WORK TO BE COMPLETED: Please copy the lines below, exactly as they are, from the one with "Desde el aparcamiento" through the one with "Here we have", and leave out the pictures.

GIVEN DATA:
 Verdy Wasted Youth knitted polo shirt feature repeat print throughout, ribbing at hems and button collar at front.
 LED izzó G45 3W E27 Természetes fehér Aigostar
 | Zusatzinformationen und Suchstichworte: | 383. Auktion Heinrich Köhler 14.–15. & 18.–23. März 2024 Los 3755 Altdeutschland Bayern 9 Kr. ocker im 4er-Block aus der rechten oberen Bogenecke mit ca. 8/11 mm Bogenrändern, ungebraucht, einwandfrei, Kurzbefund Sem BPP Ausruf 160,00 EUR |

* * *

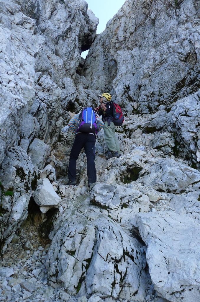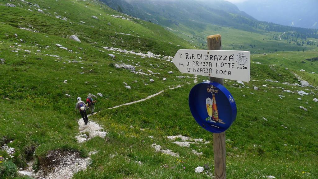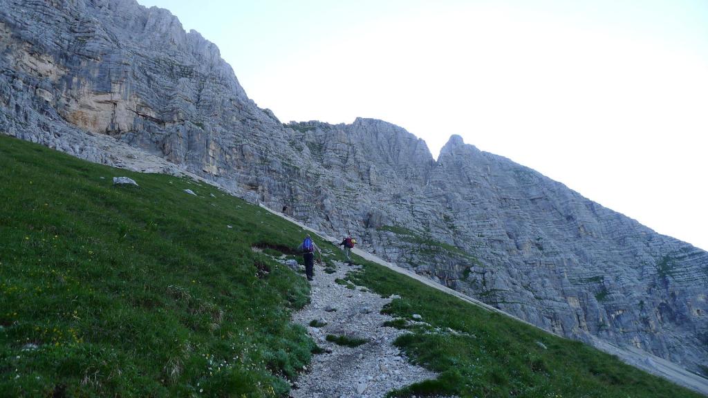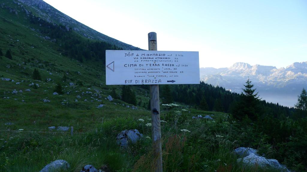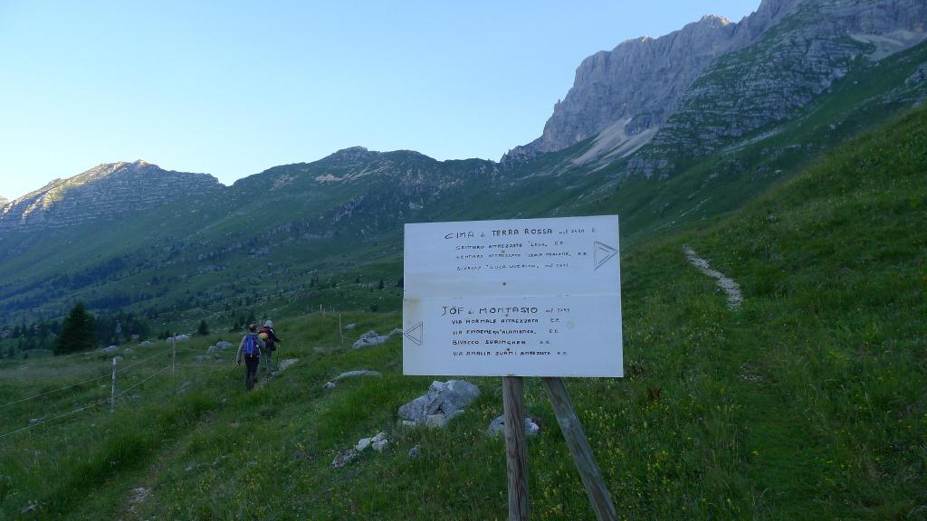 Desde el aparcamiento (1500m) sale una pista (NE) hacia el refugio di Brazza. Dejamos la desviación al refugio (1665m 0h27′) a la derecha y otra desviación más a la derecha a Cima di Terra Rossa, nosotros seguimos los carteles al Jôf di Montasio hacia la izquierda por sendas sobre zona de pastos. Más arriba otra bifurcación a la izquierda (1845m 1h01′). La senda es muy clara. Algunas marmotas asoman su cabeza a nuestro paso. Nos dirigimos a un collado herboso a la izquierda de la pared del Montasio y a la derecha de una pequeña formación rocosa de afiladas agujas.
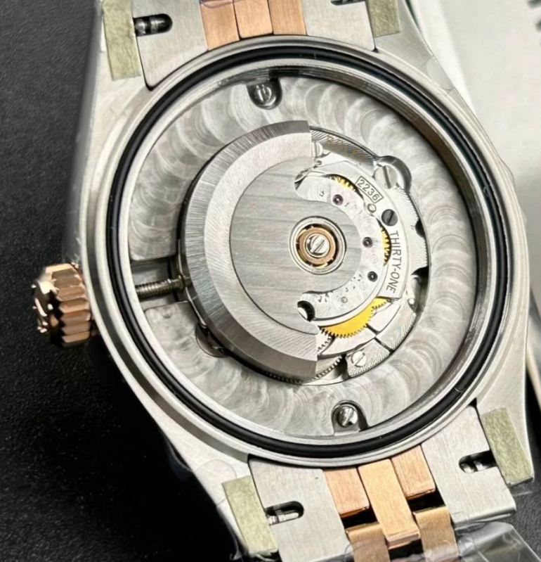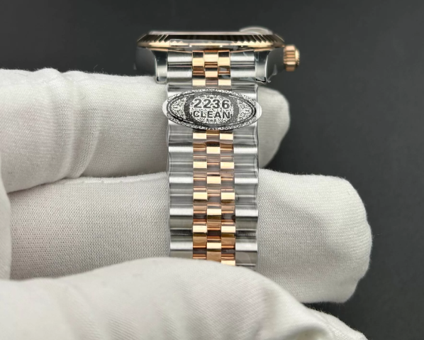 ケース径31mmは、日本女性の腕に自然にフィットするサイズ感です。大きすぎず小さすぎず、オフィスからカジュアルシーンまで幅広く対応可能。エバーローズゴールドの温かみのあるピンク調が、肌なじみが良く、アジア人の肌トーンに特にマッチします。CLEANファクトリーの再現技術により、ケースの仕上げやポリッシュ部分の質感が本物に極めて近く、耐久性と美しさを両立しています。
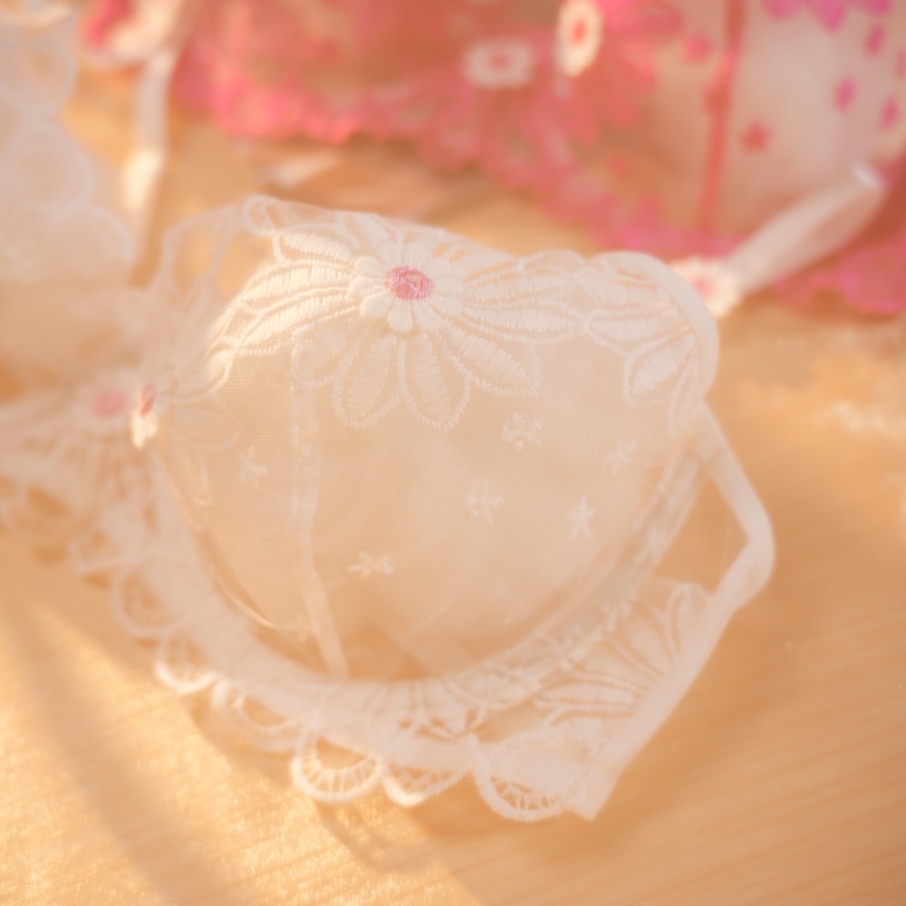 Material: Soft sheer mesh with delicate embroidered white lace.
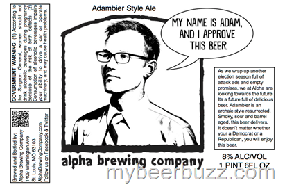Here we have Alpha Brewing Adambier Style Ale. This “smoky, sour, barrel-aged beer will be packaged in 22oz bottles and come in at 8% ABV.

...

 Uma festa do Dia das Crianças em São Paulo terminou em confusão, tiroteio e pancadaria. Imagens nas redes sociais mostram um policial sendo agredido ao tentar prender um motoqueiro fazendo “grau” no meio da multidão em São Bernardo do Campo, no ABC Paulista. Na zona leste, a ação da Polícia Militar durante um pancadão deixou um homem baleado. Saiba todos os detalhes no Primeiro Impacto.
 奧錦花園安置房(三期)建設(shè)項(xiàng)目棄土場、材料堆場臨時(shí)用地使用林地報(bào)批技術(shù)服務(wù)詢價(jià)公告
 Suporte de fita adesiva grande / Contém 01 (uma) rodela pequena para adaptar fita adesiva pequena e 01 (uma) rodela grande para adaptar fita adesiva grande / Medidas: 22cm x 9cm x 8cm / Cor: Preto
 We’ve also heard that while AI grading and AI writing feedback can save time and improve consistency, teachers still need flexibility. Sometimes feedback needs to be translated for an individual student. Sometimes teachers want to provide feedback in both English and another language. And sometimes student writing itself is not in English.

ANSWER TO THE EXERCISE:
 Desde el aparcamiento (1500m) sale una pista (NE) hacia el refugio di Brazza. Dejamos la desviación al refugio (1665m 0h27′) a la derecha y otra desviación más a la derecha a Cima di Terra Rossa, nosotros seguimos los carteles al Jôf di Montasio hacia la izquierda por sendas sobre zona de pastos. Más arriba otra bifurcación a la izquierda (1845m 1h01′). La senda es muy clara. Algunas marmotas asoman su cabeza a nuestro paso. Nos dirigimos a un collado herboso a la izquierda de la pared del Montasio y a la derecha de una pequeña formación rocosa de afiladas agujas.
 ケース径31mmは、日本女性の腕に自然にフィットするサイズ感です。大きすぎず小さすぎず、オフィスからカジュアルシーンまで幅広く対応可能。エバーローズゴールドの温かみのあるピンク調が、肌なじみが良く、アジア人の肌トーンに特にマッチします。CLEANファクトリーの再現技術により、ケースの仕上げやポリッシュ部分の質感が本物に極めて近く、耐久性と美しさを両立しています。
 Material: Soft sheer mesh with delicate embroidered white lace.
Here we have Alpha Brewing Adambier Style Ale. This “smoky, sour, barrel-aged beer will be packaged in 22oz bottles and come in at 8% ABV.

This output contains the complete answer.